1. Im Verfahren über das Erbrecht ist strittig, ob der Ehegatte die Erblasserin überlebt hat. Die Vorinstanzen haben den Eintritt des Hirntodes als maßgebend angesehen, wegen der diesbezüglichen Negativfeststellung ein non liquet angenommen, daher die Kommorientenvermutung des § 11 TEG angewendet und auf dieser Grundlage den Anfall des Erbrechts an den Ehegatten verneint.
2. Voraussetzung für die Anwendung des § 11 TEG ist allerdings, dass nicht bewiesen werden kann, dass eine Person die andere überlebt hat. Zunächst ist daher zu fragen, ob ein solcher Beweis nicht ohnehin erbracht ist. Das trifft hier entgegen der Auffassung der Vorinstanzen zu:
2.1. Nach § 29 Abs 1 PStG 2013 ist der Tod als Personenstandsfall iSv § 1 Abs 2 PStG 2013 von der zuständigen Personenstandsbehörde in das Zentrale Personenstandsregister einzutragen. Diese Eintragung hat nach § 30 Z 2 PStG 2013 auch den Zeitpunkt des Todes zu enthalten, sie erfolgt nach § 36 Abs 2 PStG 2013 aufgrund amtswegiger Ermittlung des Sachverhalts. Die Eintragung im Personenstandsregister ist Grundlage für die Sterbeurkunde, die wie alle anderen Personenstandsurkunden ein Auszug aus diesem Register ist (§ 53 Abs 1 iVm § 57 Abs 1 PStG 2013).
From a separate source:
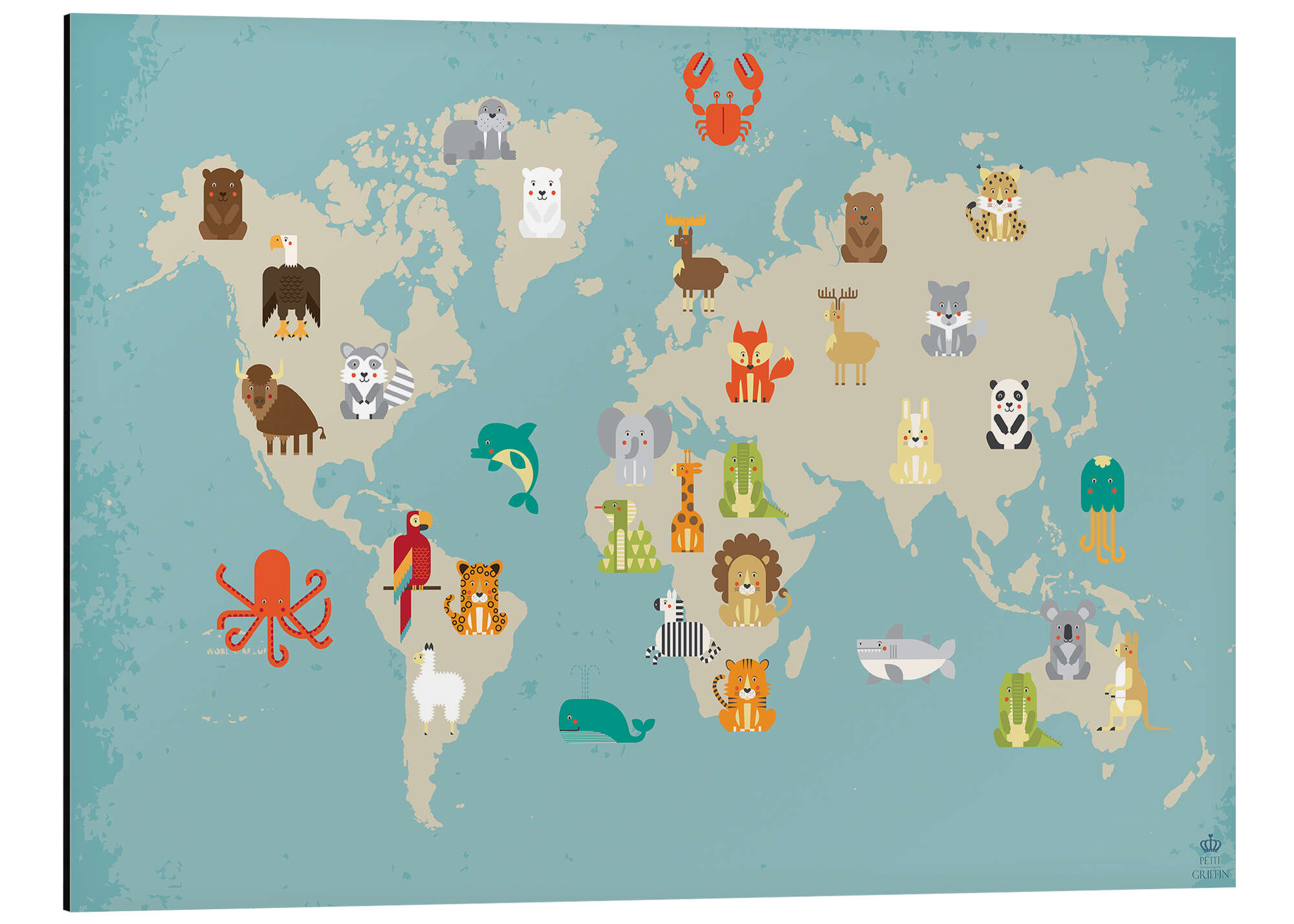 Weltkarte mit Tieren von Petit Griffin

2.2. Die Sterbeurkunde ist eine öffentliche Urkunde iSv § 292 Abs 1 ZPO (hier iVm § 35 AußStrG). Sie begründet daher vollen Beweis dessen, was die Behörde darin bezeugt hat. Dieser volle Beweis erfasst auch den in der Urkunde genannten Todeszeitpunkt (9 Ob 14/18a). Sind bei zwei Verstorbenen unterschiedliche Zeitpunkte genannt, so ist daher zunächst der volle Beweis erbracht, dass einer den anderen überlebt hat, § 11 TEG ist in diesem Fall nicht anwendbar. Im vorliegenden Fall wäre auf dieser Grundlage erwiesen, dass der Ehegatte die Erblasserin überlebt hat.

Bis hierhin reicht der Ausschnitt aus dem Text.